The analysts said they expect the company's year-end loan book at Rs 5,000 crore (Rs 50 billion), which could double by FY09. The loan book size was estimated to grow 10-fold to reach around Rs 16,500 crore ($4.1 billion) by FY10, they added.

However, the DSP Merrill Lynch analysts said the company was targeting more of the regular segments (as banks do) and was unlikely to be focusing on the higher risk category customers, leading to a potential erosion in the margins.

It said the consumer finance business could deliver return on equity (RoE) of over 20 per cent and has a potential of 24-25 per cent for Reliance Capital by FY10-11.

The report pointed out that R-Cap was rapidly expanding its distribution to gain market share and was aiming for 10,000 retail outlets across 5,000 locations by 2008-end, as against just 4,000 outlets in 700 locations currently.

In the life insurance business, the company could have 3,00,000 agents and over 1,500 dealers by 2008.

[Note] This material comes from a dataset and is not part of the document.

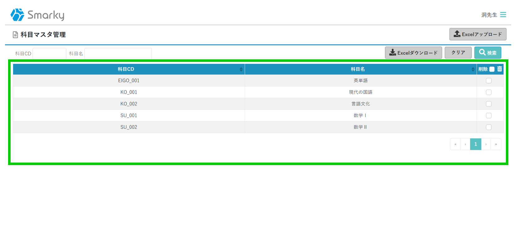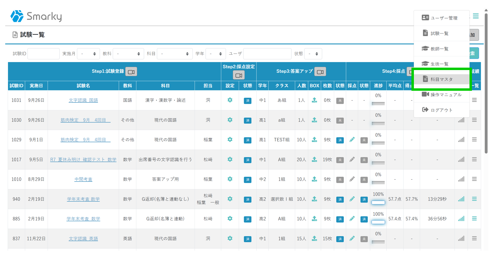 ①管理者アカウントのメインメニューより「科目マスタ」を選択します。

The general insurance and consumer finance foray were likely to be the biggest growth drivers for the company, with general insurance expected to post over 100 per cent growth through FY09 and 75 per cent in FY10.

Projecting R-Money as another strong driver, analysts said Reliance Money continues significant traction in its broking and distribution venture. Within a few months of its launch, Reliance Money has already acquired 1,50,000 customers and is adding almost 25,000 customers per month.

R-Money plans to expand its distribution network to 10,000 by 2008, from over 3,000 currently. At present, almost 95 per cent outlets are on franchisee model and it aims to to have 1,000 of own branches in the next year.

Merrill Lynch has forecast a total customer base of over three lakh by year-end and 10 lakh by FY10 for Reliance Money.